Importantly, this multimodal ASD component was associated with a diagnostic label of ASD, but not with the subscales of the AQ-50 across the whole sample. As a diagnosis of ASD reflects a complex clinical phenotype that spans several functional domains, a multimodal brain component spanning brain regions that are involved in these various functions may be more strongly associated with such a complex phenotype than with specific symptom dimensions (Mei et al., 2022). While the AQ-50 subscales did not show any correlations with this multimodal ASD component across the whole sample, the post hoc tests showed that this component was specifically associated with social skill symptoms within the ASD group. This may be explained by the loading of this component in the DMN, which is involved in social functions related to theory of mind (Murdaugh et al., 2012). Based on these results, an alternative explanation for not finding correlations for the AQ-50 across the whole sample could be related to the limitations regarding the application of this questionnaire in our diverse transdiagnostic sample. The AQ-50 may not measure a uniform dimension across our participants. Higher scores on this self-report questionnaire may stem from ASD, but could also stem from other causes, like social interaction problems due to (social) anxiety, or patients may score higher if they have an overly negative judgment of their social skills (e.g. in depression). Thus, when investigating brain behavior relationships using the AQ-50, it may be important to also take into account the judgment of a trained clinician regarding whether a participant has ASD or not. These considerations are important since one of the central goals of RDoC is the identification of reliable and valid measures that can be applied in transdiagnostic research (Morris et al., 2022).

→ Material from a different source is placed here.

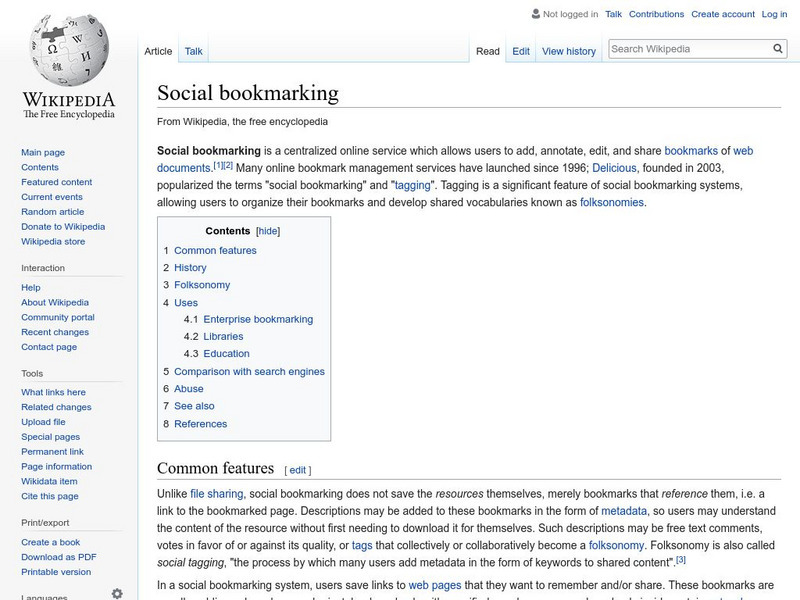 This article introduces the reader to the concept of social bookmarking which organizes sites generally by the use of tags. Social bookmarking sites are an increasingly popular way to locate, classify, rank, and share Internet resources...
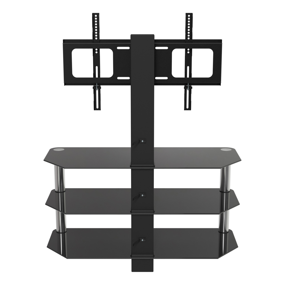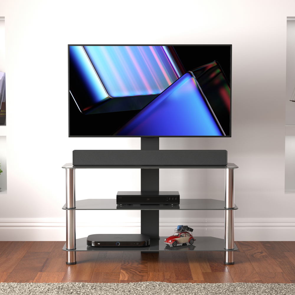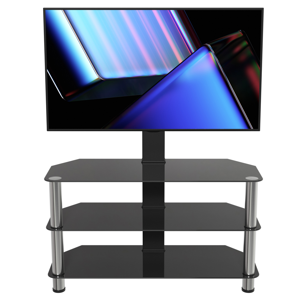 A super easy to construct, contemporary and versatile solution for your home entertainment needs. The black tempered safety glass and durable stainless steel legs modernize any space while the angled corners save valuable space when placed into a corner of your room. Arrange your various AV components on the middle and bottom shelves.

Interestingly, all three functional networks of interest (i.e. DMN, ECN, and FPN) were involved in components that showed transdiagnostic associations with cognitive and/or negative valence symptoms. While the literature thus far indeed suggests that aberrations in these large-scale networks cause major dysfunctions in core cognitive and affective domains across psychiatric disorders, this idea was largely based on indirect evidence in separate psychiatric disorders (Menon, 2011; Sanislow et al., 2010). We now identified these relationships in a diverse sample spanning the psychopathological continuum.
The inclusion of a stress challenge is a novel feature in our linked ICA analysis. While several components that reflect the connectivity between the ECN and FPN (including the resting-state component) were associated with cognitive symptoms, two components that were related to the stress induction were most sensitive in revealing relationships with negative valence symptoms (i.e. the ECN-stress aftermath component and DMN-stress component). This could indicate that it may be especially relevant to include a stress induction paradigm when studying the negative valence domain.

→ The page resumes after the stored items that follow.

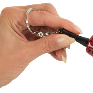 Il divertente portachiavi da regalare agli amici, come piccolo regalo al tuo partner o semplicemente per attaccarci le tue chiavi. E poi: suona il campanello quando ne hai voglia... Campana di metallo rosso con manico nero e stampa nera: "Ring for Sex". Lunghezza 6,5 cm, Ø 3,7 cm.
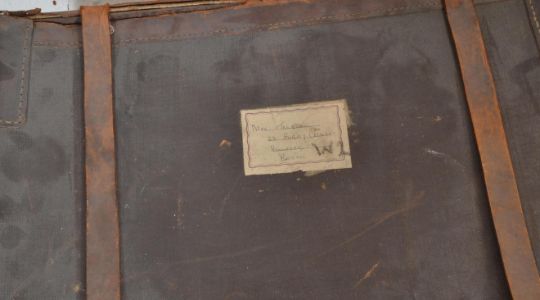 A vintage late 19th / early 20th Century military tin steamer trunk, hinged top with lock to front. The trunk with notation to the top together with a vintage 20th Century leather suitcase.  Measures 26cm by 107cm by 43cm.
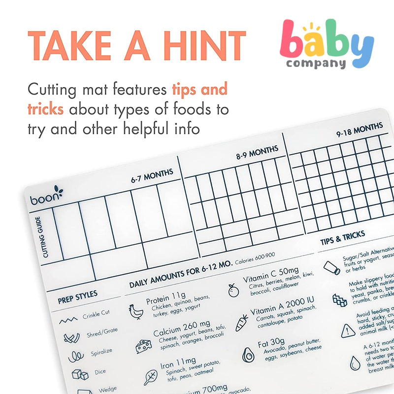 ● The cutting mat gives you a large surface to work on and includes tips and tricks about what types of foods to try, along with other helpful information.

Especially the ECN seems to be important in explaining transdiagnostic symptom dimensions. We found four different components (IC7, IC8, IC13, and IC30) driven by the ECN during different functional scans that reflected connectivity of the ECN with itself and with the FPN. In line with the known role of these networks in a wide range of cognitive tasks (McTeague et al., 2016; Smith et al., 2009), all four components showed significant correlations with executive/higher-order cognitive symptoms. Below, we further elaborate on our ECN-stress aftermath component (i.e. IC7) as this is the only one of these four components that revealed a relationship with both cognitive and negative valence symptoms.

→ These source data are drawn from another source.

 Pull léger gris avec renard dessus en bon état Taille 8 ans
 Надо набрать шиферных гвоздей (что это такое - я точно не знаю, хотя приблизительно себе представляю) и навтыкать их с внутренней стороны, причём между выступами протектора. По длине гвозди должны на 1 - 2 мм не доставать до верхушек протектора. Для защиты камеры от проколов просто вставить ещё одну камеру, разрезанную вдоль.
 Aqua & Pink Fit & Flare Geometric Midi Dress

The ECN stress-aftermath component reflects connectivity of the ECN with itself and with the right FPN in the aftermath of stress. Interestingly, the anterior insula and dorsal anterior cingulate cortex are part of as well this component as the ECN template (Smith et al., 2009), and are both considered core regions of the salience network (SN) (Hermans et al., 2011; Seeley et al., 2007; Shirer et al., 2012). In line with the known role of these regions in the dynamic reallocation of resources under stress (Hermans et al., 2014), our results suggest that the ECN engages the right FPN in the aftermath of stress for emotion regulation/top-down control (Buhle et al., 2014; Hermans et al., 2014; Hermans et al., 2011; Kohn et al., 2014; McTeague et al., 2016). The negative relationship between this component and negative valence symptoms suggests that an inadequate engagement of the FPN by the ECN can be seen as a crucial transdiagnostic vulnerability factor for the development of negative valence symptoms (under stress).
Our extensive, exploratory analyses allowed us to identify not only a relationship of this ECN component with symptom dimensions, but also with a broad range of negative health outcomes related to physiological/cardiovascular measures, BMI, and also general health/functioning. It is known from the literature that there are complex relationships between mental health, physical health, and coping with stress (de Kloet et al., 2005; Juster et al., 2010; McEwen, 2003). Physical and mental health problems may affect each other and may also result in a maladaptive stress response. Vice versa a repeatedly maladaptive stress response, including inadequate recovery in the aftermath of stress, may lead to mental and physical wear-and-tear (Juster et al., 2010; McEwen, 2000; McEwen, 2003). As the brain is the central organ that coordinates the stress response (Ulrich-Lai and Herman, 2009), our results suggest the key importance of the ECN and FPN in this complex web of relationships. Together, these results emphasize the importance of an integrative approach to stress, and physical and mental health.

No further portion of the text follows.